The movement called community health means more than just access to health care. It's strong families, good schools, safe neighborhoods, caring adults, and economic opportunities. It's powered by individuals and organizations in the community and collaborations across many sectors.

For nearly a decade, breast cancer had been the leading cause of cancer death in New York State's chautauqua county. Yet research studies found that more than 60 percent of local women did not follow guidelines for early breast cancer detection.

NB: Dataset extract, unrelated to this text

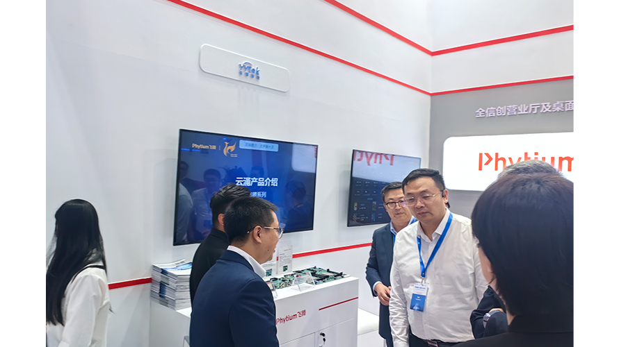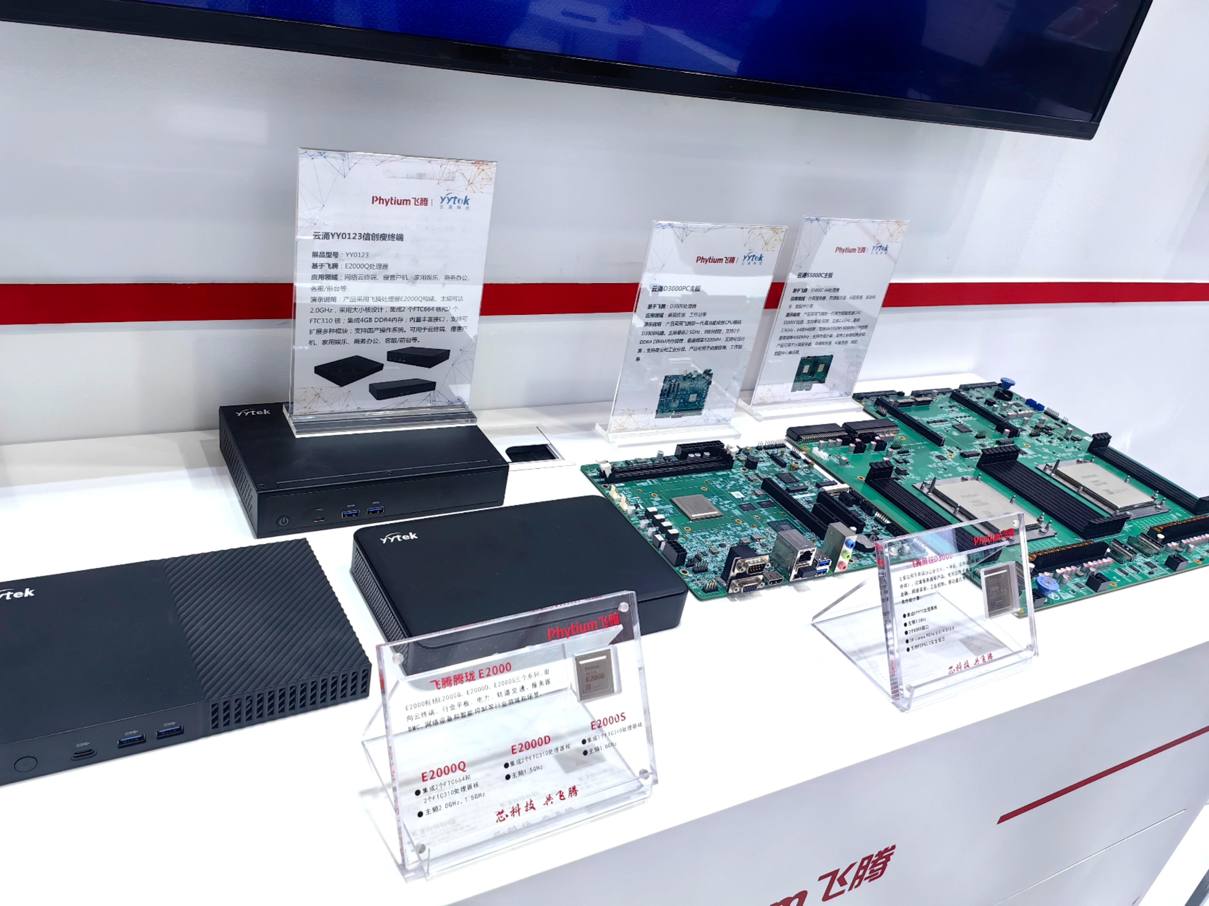 在飞腾解决方案及产品应用展示区,熊猫体育向大家展示了YY0125服务器主板、YY0149电脑主板,以及基于E2000Q的YY0123云终端,受到与会领导专家的广泛认可和好评。

Now, five years later, breast cancer deaths in the county are down. The number of mammograms has increased by 33 percent, and the number of breast cancer tumors that are detected early has increased by 22 percent.

What made the difference?

A community coalition. The improvements were the result of a grassroots education and training program called the Women's Health Initiative. The Woman's christian Association Healthcare System worked with the American cancer Association, the local health department, and Westfield Hospital to create the successful initiative. Together, they organized a media campaign, a network of breast health educators in neighborhoods, and a mobile mammography unit called "health on wheels."

Far from an exception, the initiative is among perhaps hundreds of other coalitions across New York State that are part of a movement that has gained momentum over the past decade--community health. Founded on a vision that the involvement of individuals, businesses, and organizations in the community and collaborations across many sectors are the keys to improving the well-being of communities and their residents, community health broadens the definition of public health and is reshaping public health care practices.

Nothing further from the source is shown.